AAAS Establishes Early Career Award in Public Engagement
The announcement of this award is an important step towards greater recognition of the need for public engagement on the part of scientists and their institutions. AAAS should be commended for their commitment to leadership in this area. Details below and here.
It will be interesting to see the criteria by which nominations are judged. As I noted last month, how public engagement is ultimately defined, its goals and outcomes, remains an open question. (See also this comment.)
There is more major news on this front coming in August including the launch of a new blog, and a special issue of a leading journal with articles that review different dimensions of public engagement activities along with the types of structural and cultural transformations needed within the science community and at universities. Be sure to check back here for the details.
AAAS Early Career Award for Public Engagement with Science
Nomination Deadline: 15 October
The AAAS Early Career Award for Public Engagement with Science, established in 2010, recognizes early-career scientists and engineers who demonstrate excellence in their contribution to public engagement with science activities.
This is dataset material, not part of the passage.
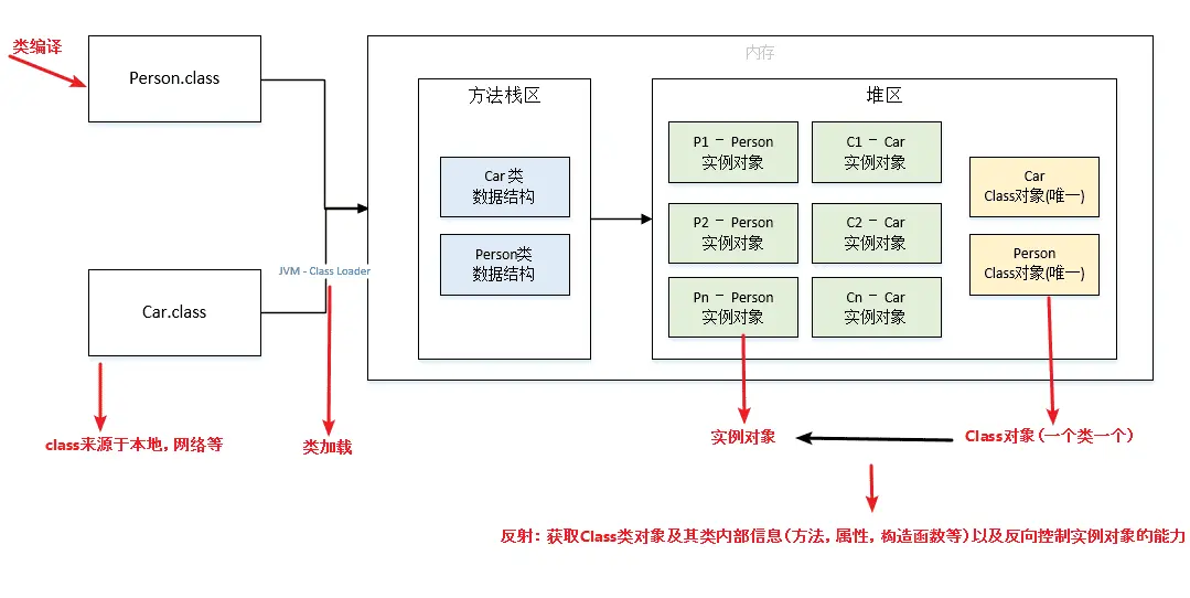 - 运行时类信息访问:反射机制允许程序在运行时获取类的完整结构信息,包括类名、包名、父类、实现的接口、构造函数、方法和字段等。

A monetary prize of $5,000, a commemorative plaque, complimentary registration to the AAAS Annual Meeting, and reimbursement for reasonable hotel and travel expenses to attend the AAAS Annual Meeting to receive the prize are given to the recipient.
For the purposes of this award, public engagement activities are defined as the individual's active participation in efforts to engage with the public on science- and technology-related issues and promote meaningful dialogue between science and society.
The award will be given at the AAAS Annual Meeting.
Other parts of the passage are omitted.